Evie | Posted in Equipment and Supplies on

I would like some help in deciding what to do about a Civil

War dress I will be making for my grand-daughter.  I already

have the pattern for the dress but I don’t know how to go

about finding what I would need in order to either buy the

petticoat or to make it.  Are there any patterns for this type

of thing or are there any websites to order either the real

thing or the supplies and instructions to make it with.  Does

it require ribbing (like for a corset) or does it require

horsehair stiffening?  Thank you in advance for the help.


  1. ElonaM | | #1

    I'm not really into this sort of thing, but I have seen patterns in both McCall's and Simplicity that purport to be camis, corsets, and petticoats from the Civil War period.

    1. Evie | | #6

      Elona, thank you for the information you sent about finding patterns in the pattern

      books.  I feel this endeavor is going to take

      a lot of my time for my grand-daughter, but

      I will put the time in gladly for her.  I'm

      afraid that if I do it for her I will have to say

      yes to further requests from my other 5

      grand-daughters.  I will check it out. Thanks.

  2. carolfresia | | #2

    Check out this site: http://www.elizabethstewartclark.com. There's a lot of info. about period costuming (I haven't noticed if she talks about hoops, but there's a question and answer section).


    1. Evie | | #4

      Thank you very much for your reply.  I shall look

      into this website,


  3. lbishel | | #3

    I've generally had good luck using bridal hoops, as long as they have 6 to 8 hoops in them.  Make sure you adjust them so that the silhouette is bell or hay stack shaped which are appropriate for the period.
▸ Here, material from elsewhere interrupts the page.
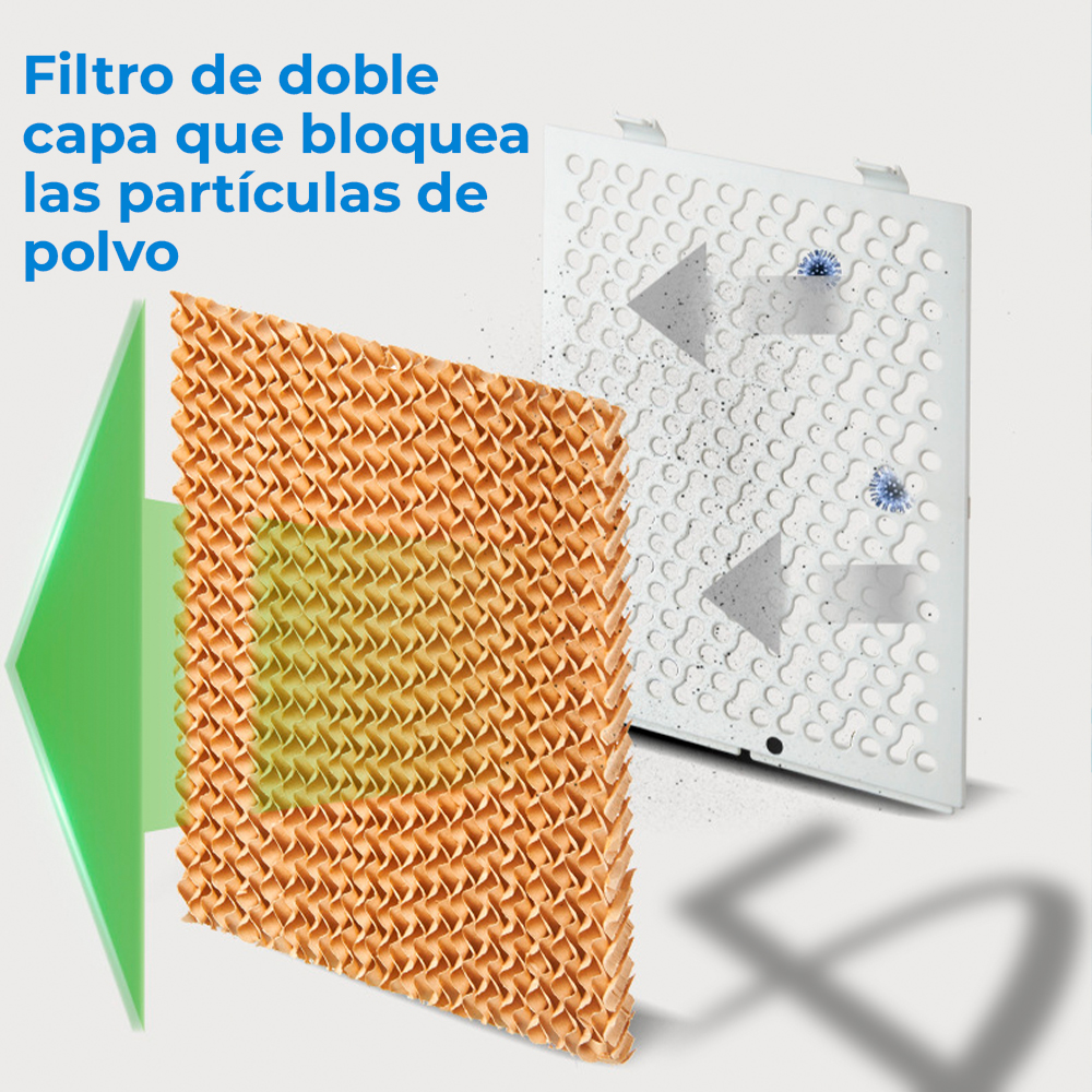Función 3 en 1: Enfría, purifica e ioniza el aire para un ambiente más saludable.

    The real key to getting an authentic look is to (a) make sure she's wearing a corset so she stands and moves correctly and (b) fit the dress smoothly to the corset. 

    Check out http://www.americancenturies.mass.edu/activities/dressup/index.html

    This is an educational site done by Old Deerfield Museum which shows each layer of clothing and tayloring details for the 17th-20th centuries.  It's fun and will answer some questions.  Hope this helps!

    1. Evie | | #5

      Thank you very much for your kind response to my

      inquiry.  Lynn, I shall look into it and check it out as soon

      as possible.

    2. rjf | | #9

      "Check out http://www.americancenturies.mass.edu/activities/dressup/index.html"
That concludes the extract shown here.